Buyers will be most pleased with the just released 2015 California real estate forecast. While the home sales throughout the state are expected to increase slightly, experts are predicting that home pricing gains will be the slowest in four years. According to the California Association of REALTORS®, “the California housing market is expected to return to a traditional buyers’ market with less investors due to more available homes for sale with prices flattening out and sales rising at a modest pace.” As the last couple years have put some buyers home purchasing plans on hold due to the home price increase and strict guidelines for underwriting, this year puts home buyers in a better financial position to make a real estate purchase.

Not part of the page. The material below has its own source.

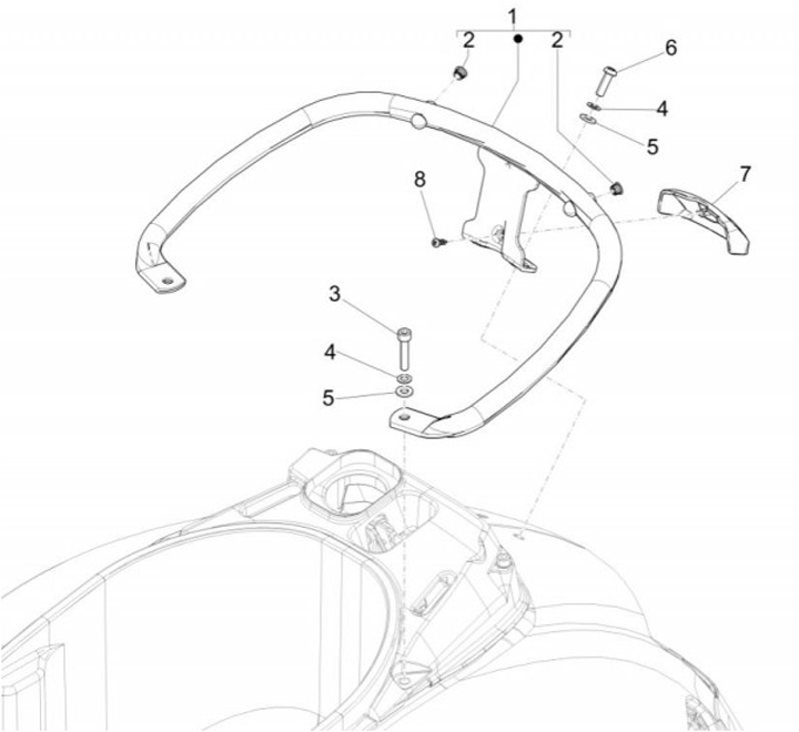 Cover for rear rack/grab handle -PIAGGIO- Vespa LX50, LX125, LX150, Vespa LXV50, LXV125, Vespa S50, S125, S150, GT, GTL, GTS - chrome

Another plus for buyers looking to purchase more affordable homes is that we are seeing an increase in the variety of programs giving home buyers the ability to buy a home with less than the standard 20% down payment. For example, there are FHA loans that allow buyers to make a down payment as small as 3.5% of the purchase price. It still makes us nervous when we see offers with these low down payments come across our desks yet they sure seem to be working. Mortgage interest rates have been the lowest in years and will most likely rise to around 4.5% which is still historically low. The positive news continues as unemployment is expected to decrease to 5.8% from the previous year which was 6.2%. With all of these factors combined, C.A.R. predicts existing home sales will have an increase of 5.8 % next year as well as reach 402,500 homes sold. The median home price forecast throughout California is expected to increase to $478,700, up 5.2% from 2014. The median home price for homes in the South Lake Tahoe area is currently $336,000. If the same rate of 5.2% increase holds true for the South Shore, we should see a median home price of approximately $354,000 next year at this time.
The Bay area specifically is expected to outperform compared to other regions due to tighter housing supply and strong job market. This is important to note as the majority of Lake Tahoe home buyers come from this area. On a national level, the 2015 real estate forecast varies depending on which economist you listen to. However, there is a general consensus that, like California, home sales will increase.